> [Try it]:
From the line containing "Podobni regijski posveti" to the end of the entries, return every line exactly, both ends included, and add nothing.

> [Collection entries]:
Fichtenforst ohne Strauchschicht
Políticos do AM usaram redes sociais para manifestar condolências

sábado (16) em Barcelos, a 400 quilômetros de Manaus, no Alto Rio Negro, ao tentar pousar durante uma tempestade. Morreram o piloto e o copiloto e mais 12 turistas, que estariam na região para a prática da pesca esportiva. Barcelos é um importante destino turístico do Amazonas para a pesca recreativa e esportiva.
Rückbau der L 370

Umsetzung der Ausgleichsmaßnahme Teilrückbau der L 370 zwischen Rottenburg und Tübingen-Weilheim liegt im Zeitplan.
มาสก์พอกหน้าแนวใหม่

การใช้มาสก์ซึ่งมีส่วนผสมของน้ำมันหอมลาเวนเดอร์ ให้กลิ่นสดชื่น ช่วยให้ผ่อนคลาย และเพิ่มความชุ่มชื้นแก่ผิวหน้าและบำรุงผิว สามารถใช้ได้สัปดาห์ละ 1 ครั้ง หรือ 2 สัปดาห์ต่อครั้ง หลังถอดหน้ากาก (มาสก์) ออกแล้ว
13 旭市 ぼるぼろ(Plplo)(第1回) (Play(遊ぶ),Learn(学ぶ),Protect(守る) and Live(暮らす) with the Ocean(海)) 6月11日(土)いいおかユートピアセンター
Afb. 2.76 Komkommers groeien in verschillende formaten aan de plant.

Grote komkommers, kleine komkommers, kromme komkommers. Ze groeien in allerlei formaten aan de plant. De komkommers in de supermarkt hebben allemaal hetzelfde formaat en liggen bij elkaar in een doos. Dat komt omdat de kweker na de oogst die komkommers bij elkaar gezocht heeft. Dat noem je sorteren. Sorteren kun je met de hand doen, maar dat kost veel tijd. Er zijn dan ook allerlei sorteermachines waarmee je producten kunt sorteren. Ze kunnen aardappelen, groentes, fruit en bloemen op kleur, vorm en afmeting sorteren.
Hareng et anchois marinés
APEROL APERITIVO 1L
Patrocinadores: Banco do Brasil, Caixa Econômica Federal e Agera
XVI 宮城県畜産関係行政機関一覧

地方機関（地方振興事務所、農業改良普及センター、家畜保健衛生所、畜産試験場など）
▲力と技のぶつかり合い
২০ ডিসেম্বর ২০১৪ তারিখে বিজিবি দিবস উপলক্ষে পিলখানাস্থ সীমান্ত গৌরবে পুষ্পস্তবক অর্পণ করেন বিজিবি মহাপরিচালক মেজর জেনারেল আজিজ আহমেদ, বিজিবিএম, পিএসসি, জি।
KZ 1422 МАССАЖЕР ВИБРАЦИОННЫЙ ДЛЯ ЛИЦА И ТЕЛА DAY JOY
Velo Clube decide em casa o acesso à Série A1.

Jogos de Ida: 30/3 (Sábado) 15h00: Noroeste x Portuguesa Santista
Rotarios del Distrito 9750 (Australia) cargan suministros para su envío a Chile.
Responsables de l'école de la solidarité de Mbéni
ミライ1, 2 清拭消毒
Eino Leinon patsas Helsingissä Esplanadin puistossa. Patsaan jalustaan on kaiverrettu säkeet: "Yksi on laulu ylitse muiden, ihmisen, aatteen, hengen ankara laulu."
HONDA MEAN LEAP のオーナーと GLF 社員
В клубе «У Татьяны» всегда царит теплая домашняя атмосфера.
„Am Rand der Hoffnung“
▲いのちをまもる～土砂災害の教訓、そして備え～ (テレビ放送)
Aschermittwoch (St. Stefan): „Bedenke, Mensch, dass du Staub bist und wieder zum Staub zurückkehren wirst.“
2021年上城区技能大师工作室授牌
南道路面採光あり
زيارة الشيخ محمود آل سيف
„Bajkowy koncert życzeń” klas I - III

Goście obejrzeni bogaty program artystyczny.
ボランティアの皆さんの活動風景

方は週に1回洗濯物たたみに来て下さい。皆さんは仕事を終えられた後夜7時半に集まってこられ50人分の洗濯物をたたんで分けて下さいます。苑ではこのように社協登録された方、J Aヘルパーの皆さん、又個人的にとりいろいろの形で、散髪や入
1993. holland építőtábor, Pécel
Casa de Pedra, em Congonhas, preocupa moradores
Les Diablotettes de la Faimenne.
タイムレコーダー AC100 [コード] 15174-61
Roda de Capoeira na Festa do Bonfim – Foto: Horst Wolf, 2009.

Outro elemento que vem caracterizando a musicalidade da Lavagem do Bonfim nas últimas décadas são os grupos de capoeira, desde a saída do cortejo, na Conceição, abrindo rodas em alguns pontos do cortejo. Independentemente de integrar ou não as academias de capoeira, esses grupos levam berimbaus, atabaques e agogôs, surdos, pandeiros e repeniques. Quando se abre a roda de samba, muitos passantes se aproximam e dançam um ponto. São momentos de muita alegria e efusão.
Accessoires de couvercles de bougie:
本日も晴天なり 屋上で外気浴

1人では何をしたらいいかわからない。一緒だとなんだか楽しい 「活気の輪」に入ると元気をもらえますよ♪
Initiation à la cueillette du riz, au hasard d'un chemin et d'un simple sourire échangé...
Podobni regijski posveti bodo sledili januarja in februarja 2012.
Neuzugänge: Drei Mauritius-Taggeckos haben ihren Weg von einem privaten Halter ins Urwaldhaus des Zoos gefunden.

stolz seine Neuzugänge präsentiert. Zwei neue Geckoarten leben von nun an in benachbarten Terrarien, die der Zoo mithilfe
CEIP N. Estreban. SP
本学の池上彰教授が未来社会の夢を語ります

> [Response to the exercise]:
Podobni regijski posveti bodo sledili januarja in februarja 2012.
Neuzugänge: Drei Mauritius-Taggeckos haben ihren Weg von einem privaten Halter ins Urwaldhaus des Zoos gefunden.

stolz seine Neuzugänge präsentiert. Zwei neue Geckoarten leben von nun an in benachbarten Terrarien, die der Zoo mithilfe
CEIP N. Estreban. SP
本学の池上彰教授が未来社会の夢を語ります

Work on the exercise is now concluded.